**ASSIGNMENT:**
The full listing, minus its pictures, should be printed again exactly as it stands.

**RAW DATA:**
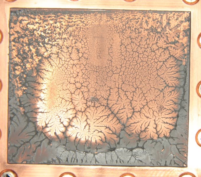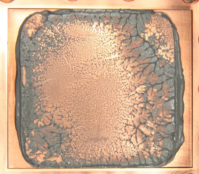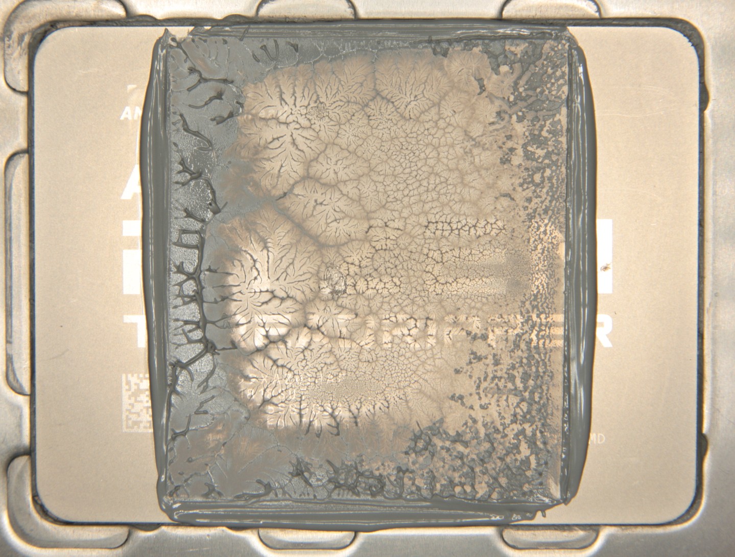 Видно, что термопаста распределилась тонким слоем на всю площади крышки процессора, а ее избытки выдавились за края. Участок плотного контакта расположен примерно по центру и имеет большую площадь. Отметим, что крышка этого процессора сама по себе чуть выпуклая к центру. (Распределение термопасты, конечно, немного изменилось при разъединении процессора и помпы.)
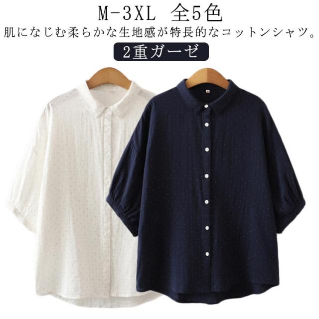 吸湿 シャツブラウス レディース 綿 夏 スタンドカラー ガーゼ ロングシャツ ドット柄 長袖 通気性 ブラウス 2重ガーゼ シャツ チュニック トップス 立ち襟 Vネック 半袖シャツ 白シャツ 上品
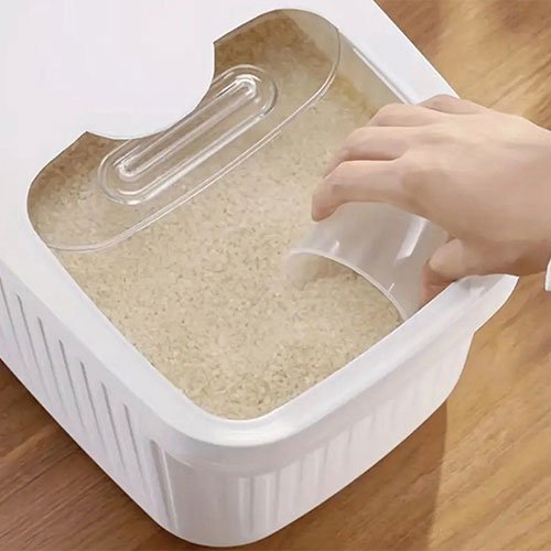 Massive 10kg Capacity: Whether you are stocking up on white rice, flour, or bulk snacks, this super-capacity box handles the “big bags” with ease. It’s also the perfect size for keeping a large supply of dog or cat kibble fresh and crunchy.

**OUTPUT FOR THIS EXERCISE:**
 Видно, что термопаста распределилась тонким слоем на всю площади крышки процессора, а ее избытки выдавились за края. Участок плотного контакта расположен примерно по центру и имеет большую площадь. Отметим, что крышка этого процессора сама по себе чуть выпуклая к центру. (Распределение термопасты, конечно, немного изменилось при разъединении процессора и помпы.)
 吸湿 シャツブラウス レディース 綿 夏 スタンドカラー ガーゼ ロングシャツ ドット柄 長袖 通気性 ブラウス 2重ガーゼ シャツ チュニック トップス 立ち襟 Vネック 半袖シャツ 白シャツ 上品
 Massive 10kg Capacity: Whether you are stocking up on white rice, flour, or bulk snacks, this super-capacity box handles the “big bags” with ease. It’s also the perfect size for keeping a large supply of dog or cat kibble fresh and crunchy.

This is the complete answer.